:: Data extract

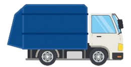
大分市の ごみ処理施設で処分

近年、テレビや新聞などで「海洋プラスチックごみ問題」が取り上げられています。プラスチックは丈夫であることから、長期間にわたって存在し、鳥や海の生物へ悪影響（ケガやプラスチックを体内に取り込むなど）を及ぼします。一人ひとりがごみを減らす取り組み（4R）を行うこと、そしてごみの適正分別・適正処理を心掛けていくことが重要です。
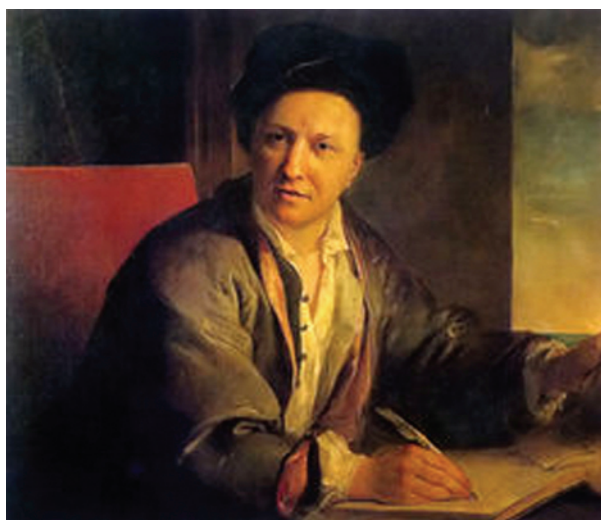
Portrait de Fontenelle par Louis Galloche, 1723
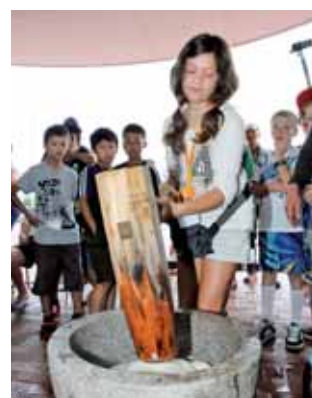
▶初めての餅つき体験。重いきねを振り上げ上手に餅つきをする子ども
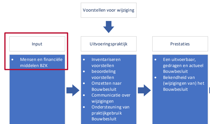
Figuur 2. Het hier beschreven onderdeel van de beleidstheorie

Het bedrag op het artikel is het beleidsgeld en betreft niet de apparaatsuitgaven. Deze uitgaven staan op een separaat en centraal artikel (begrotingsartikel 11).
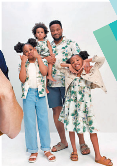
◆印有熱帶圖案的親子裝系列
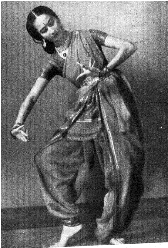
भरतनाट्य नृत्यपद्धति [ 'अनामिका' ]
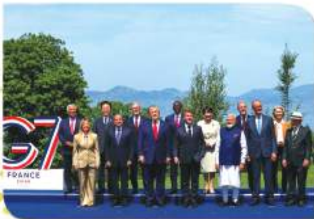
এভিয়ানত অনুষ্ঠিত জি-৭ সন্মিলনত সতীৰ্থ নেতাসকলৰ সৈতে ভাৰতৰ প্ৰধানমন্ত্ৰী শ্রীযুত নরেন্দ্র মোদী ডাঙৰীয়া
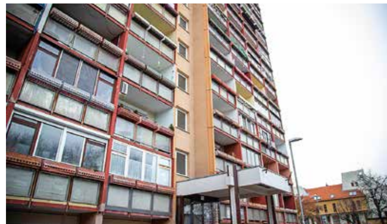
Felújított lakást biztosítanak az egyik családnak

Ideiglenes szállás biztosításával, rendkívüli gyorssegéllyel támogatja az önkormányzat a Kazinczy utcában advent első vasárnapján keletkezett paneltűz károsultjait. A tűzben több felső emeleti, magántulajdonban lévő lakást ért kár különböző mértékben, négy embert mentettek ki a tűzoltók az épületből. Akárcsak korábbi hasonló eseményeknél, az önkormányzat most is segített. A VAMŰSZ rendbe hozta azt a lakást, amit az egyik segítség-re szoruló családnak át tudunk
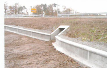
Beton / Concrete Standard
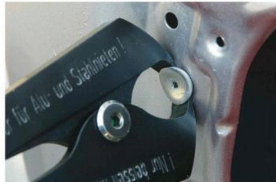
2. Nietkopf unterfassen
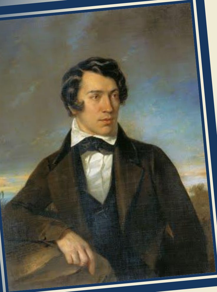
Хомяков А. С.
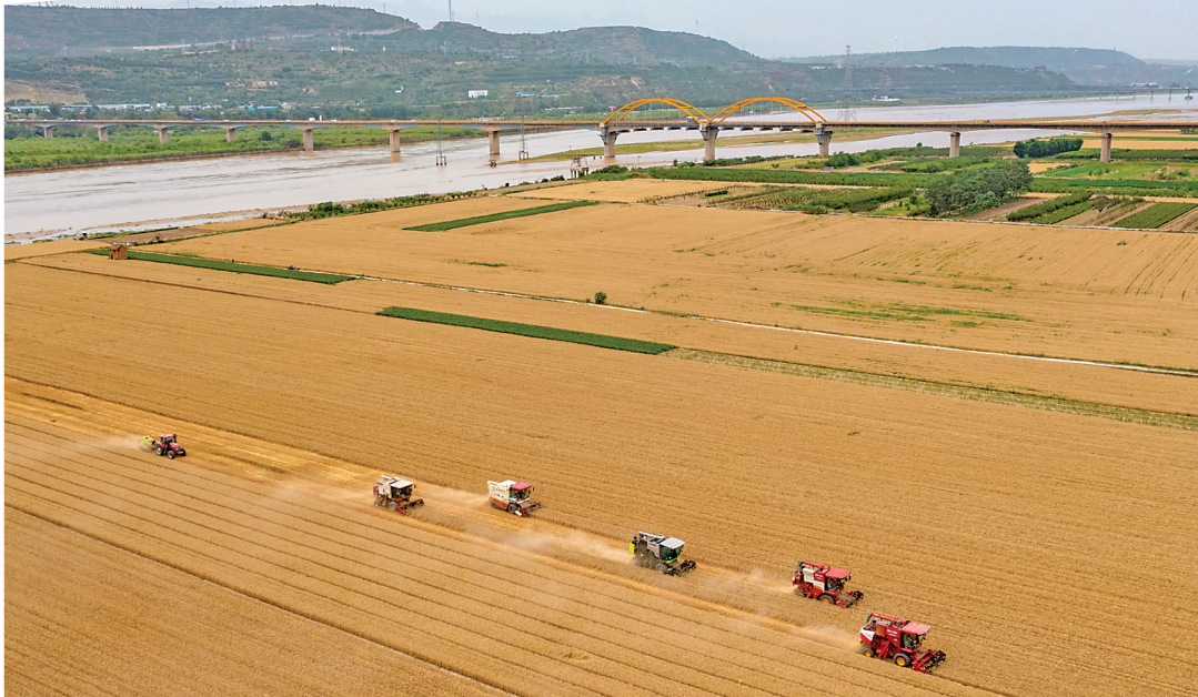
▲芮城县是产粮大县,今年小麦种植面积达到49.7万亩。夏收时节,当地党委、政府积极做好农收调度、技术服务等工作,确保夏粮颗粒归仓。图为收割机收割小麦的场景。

::::
:: Data extract

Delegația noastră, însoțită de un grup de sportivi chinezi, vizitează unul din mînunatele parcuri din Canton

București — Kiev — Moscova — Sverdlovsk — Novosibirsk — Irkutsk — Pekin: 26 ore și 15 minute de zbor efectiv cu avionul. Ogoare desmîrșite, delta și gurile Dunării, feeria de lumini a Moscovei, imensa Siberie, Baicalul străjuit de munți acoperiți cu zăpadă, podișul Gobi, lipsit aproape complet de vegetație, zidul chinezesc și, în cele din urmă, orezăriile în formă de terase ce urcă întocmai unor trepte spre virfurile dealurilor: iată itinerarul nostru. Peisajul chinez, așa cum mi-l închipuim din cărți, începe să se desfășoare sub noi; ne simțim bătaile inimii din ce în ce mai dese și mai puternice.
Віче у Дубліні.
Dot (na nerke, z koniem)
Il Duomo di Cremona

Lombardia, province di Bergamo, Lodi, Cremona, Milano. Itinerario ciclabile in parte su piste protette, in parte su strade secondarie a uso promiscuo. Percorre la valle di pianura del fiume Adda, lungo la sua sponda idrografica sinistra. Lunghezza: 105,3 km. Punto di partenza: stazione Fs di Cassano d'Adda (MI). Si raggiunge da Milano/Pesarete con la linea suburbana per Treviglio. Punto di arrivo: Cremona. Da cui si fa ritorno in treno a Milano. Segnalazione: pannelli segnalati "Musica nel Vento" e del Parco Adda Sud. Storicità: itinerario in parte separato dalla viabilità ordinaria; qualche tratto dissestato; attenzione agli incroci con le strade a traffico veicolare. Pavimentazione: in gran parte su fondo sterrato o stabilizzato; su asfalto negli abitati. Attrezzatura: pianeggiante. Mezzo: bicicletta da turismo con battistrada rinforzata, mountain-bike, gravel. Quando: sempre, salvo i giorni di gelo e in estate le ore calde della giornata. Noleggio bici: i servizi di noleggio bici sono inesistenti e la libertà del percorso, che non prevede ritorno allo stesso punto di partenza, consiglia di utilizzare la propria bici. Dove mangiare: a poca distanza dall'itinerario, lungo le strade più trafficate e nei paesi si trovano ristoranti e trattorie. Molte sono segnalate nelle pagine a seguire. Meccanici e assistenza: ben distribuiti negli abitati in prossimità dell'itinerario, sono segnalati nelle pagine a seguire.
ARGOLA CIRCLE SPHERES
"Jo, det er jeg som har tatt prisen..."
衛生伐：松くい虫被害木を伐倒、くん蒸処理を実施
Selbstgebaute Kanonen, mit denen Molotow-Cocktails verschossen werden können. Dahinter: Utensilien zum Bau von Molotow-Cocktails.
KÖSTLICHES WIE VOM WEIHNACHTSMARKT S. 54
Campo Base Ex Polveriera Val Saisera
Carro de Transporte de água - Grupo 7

::::
:: Data extract

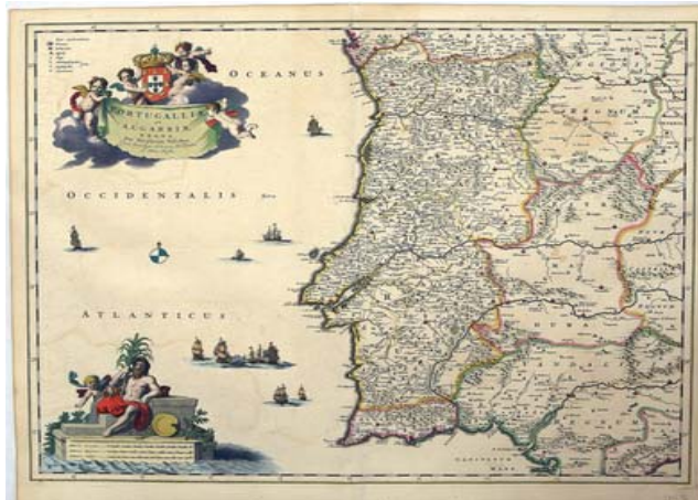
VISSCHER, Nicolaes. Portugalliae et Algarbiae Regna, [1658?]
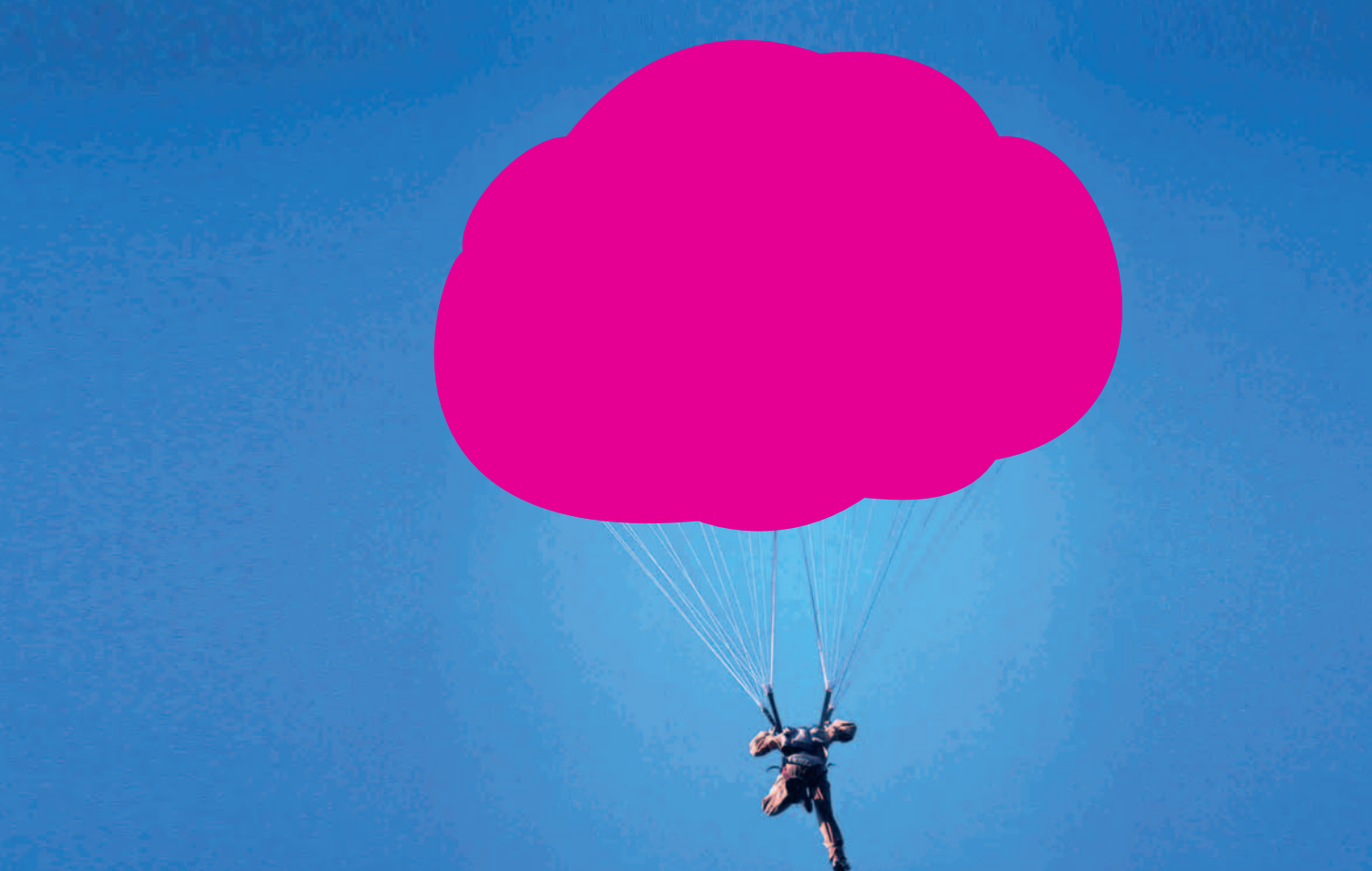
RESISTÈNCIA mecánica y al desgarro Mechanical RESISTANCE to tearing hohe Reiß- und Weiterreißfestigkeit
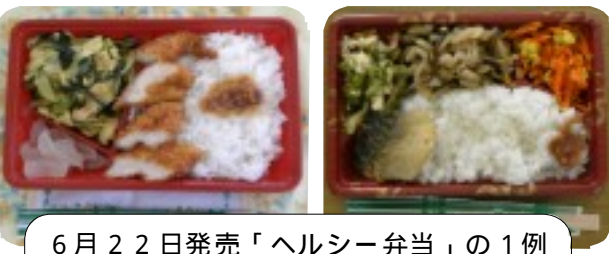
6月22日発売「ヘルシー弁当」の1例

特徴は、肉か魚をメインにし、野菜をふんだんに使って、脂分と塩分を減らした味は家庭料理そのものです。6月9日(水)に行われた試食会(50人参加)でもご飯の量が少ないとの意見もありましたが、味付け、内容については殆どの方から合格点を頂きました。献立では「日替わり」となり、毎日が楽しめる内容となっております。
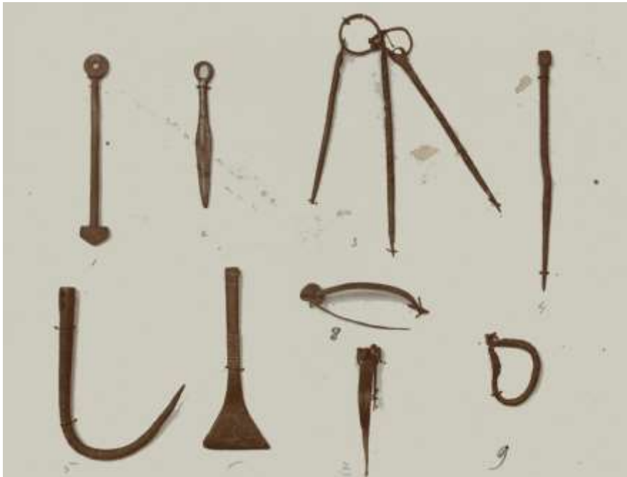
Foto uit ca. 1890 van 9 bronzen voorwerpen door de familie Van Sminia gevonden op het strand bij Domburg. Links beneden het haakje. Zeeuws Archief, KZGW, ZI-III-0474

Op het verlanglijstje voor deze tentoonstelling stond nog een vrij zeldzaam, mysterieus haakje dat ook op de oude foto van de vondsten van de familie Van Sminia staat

::::

# To do
Above are some entries. Restate word for word the lines from the one holding "大分市の ごみ処理施設で処分" through the one holding "Felújított lakást biztosítanak", but not the pictures.

# Written reply
大分市の ごみ処理施設で処分

近年、テレビや新聞などで「海洋プラスチックごみ問題」が取り上げられています。プラスチックは丈夫であることから、長期間にわたって存在し、鳥や海の生物へ悪影響（ケガやプラスチックを体内に取り込むなど）を及ぼします。一人ひとりがごみを減らす取り組み（4R）を行うこと、そしてごみの適正分別・適正処理を心掛けていくことが重要です。
Portrait de Fontenelle par Louis Galloche, 1723
▶初めての餅つき体験。重いきねを振り上げ上手に餅つきをする子ども
Figuur 2. Het hier beschreven onderdeel van de beleidstheorie

Het bedrag op het artikel is het beleidsgeld en betreft niet de apparaatsuitgaven. Deze uitgaven staan op een separaat en centraal artikel (begrotingsartikel 11).
◆印有熱帶圖案的親子裝系列
भरतनाट्य नृत्यपद्धति [ 'अनामिका' ]
এভিয়ানত অনুষ্ঠিত জি-৭ সন্মিলনত সতীৰ্থ নেতাসকলৰ সৈতে ভাৰতৰ প্ৰধানমন্ত্ৰী শ্রীযুত নরেন্দ্র মোদী ডাঙৰীয়া
Felújított lakást biztosítanak az egyik családnak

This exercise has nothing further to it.